Historically, New England was the chocolate hub of the U.S, as Walter Baker had founded his company in Massachusetts in 1774. Masters of diversity, Baker’s made not only the common unsweetened chocolate baking squares, but also a wide variety of formats with different levels of fat, sugar, and flavorings for purposes like candy making, drinking, and eating. Domingo Ghirardelli and Étienne Guittard were both relative newcomers by comparison. They had produced chocolate under their names in San Francisco since only 1852 and 1868 respectively, but Ghirardelli had created some proprietary methods, and Guittard had established a reliable wholesale business. All three companies had big head-starts over Seattle’s chocolate industry, yet the fledgling city leveraged its youthful zeal.

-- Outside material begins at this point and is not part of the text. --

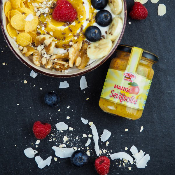 Herrlich fruchtige Mango Senfsoße aus 50 % hausgemachter Konfitüre von sonnengereiften Mangos ist wunderbar zum Dippen, Abschmecken, Marinieren und Kochen geeignet. 50 % frisch geschroteter Senf runden die spritzig-süße Note mit einer feinen Portion Schärfe ab. Unsere Mango Senfsoße passt hervorragend zu Hartkäse, Schnitte- und Weichkäse, als fruchtige Komponente zu herzhaftem Fleisch oder zur Verfeinerung von Frühstückbowls, Obst- und Gemüsesalaten.

In 1909, enterprising Seattle put itself on the map by hosting a world’s fair, the Alaska-Yukon-Pacific Exposition, as it attempted to demonstrate its economic significance on an international stage. World’s fairs were a prime opportunity for businesses to establish brand identities, and chocolate had been a continuous presence. At the 1876 world’s fair in Philadelphia, Maillard’s Chocolate created a 15-foot-high sculpture of chocolate and sugar depicting events from U.S. history; they continued to create towering chocolate statues for later world’s fairs. In St. Louis in 1904, Walter Baker & Company presented a miniature chocolate factory to show the public how cocoa beans were turned into cocoa powder. For the 1914 Panama-Pacific Exposition in San Francisco, Ghirardelli planned its own separate pavilion, designed by the architects of San Francisco’s City Hall. And in 1909, at the Alaska-Yukon-Pacific Exposition, Société Chocolats won a gold medal for Seattle’s Imperial Candy Company.

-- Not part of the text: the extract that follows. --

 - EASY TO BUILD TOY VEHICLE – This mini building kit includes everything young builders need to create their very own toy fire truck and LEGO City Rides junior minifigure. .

This was the environment in which many Seattle chocolate makers began. The city was energetic and expanding, and a growing consumer base clamored for commercial candies and homemade desserts; yet larger companies were perpetually snapping at the heels of smaller local businesses. Imperial reported immense success with the Société line and introduced other products, and it was not the only small company riding the wave. As the 20th century unfurled, confectionaries blossomed all over the city: Department store Frederick & Nelson, founded in 1891 as a furniture dealer, opened a flagship location at Fifth Avenue and Pine Street in 1918 with a full six floors; in 1921 they added a candy kitchen, and several years later began making what became their signature—Frango chocolate mint truffles. Bartell Drugs opened a candy factory to supply its stores around 1913. And the upscale grocer Augustine & Kyer employed young women to hand-dip its chocolates.
Retail stores’ candy kitchens weren’t always big enough to satisfy consumer demand. Just as brands do today, retailers made deals with subcontractors. Parisian Candy Company contracted to produce many different candies for drugstores including Bartell and G. O. Guy. According to Robert Spector’s 1993 The Legend of Frango Chocolate (the source of much Frango history), Parisian’s owner Joe Vinikow was a friend of Frederick & Nelson’s official Frango promoter Gil Ridean, and a deal between the two vastly scaled up Frango production. Vinikow’s son especially remembered the trays and trays of unlabeled truffles being trucked back to “Frederick’s” to acquire their trademarked names and boxes.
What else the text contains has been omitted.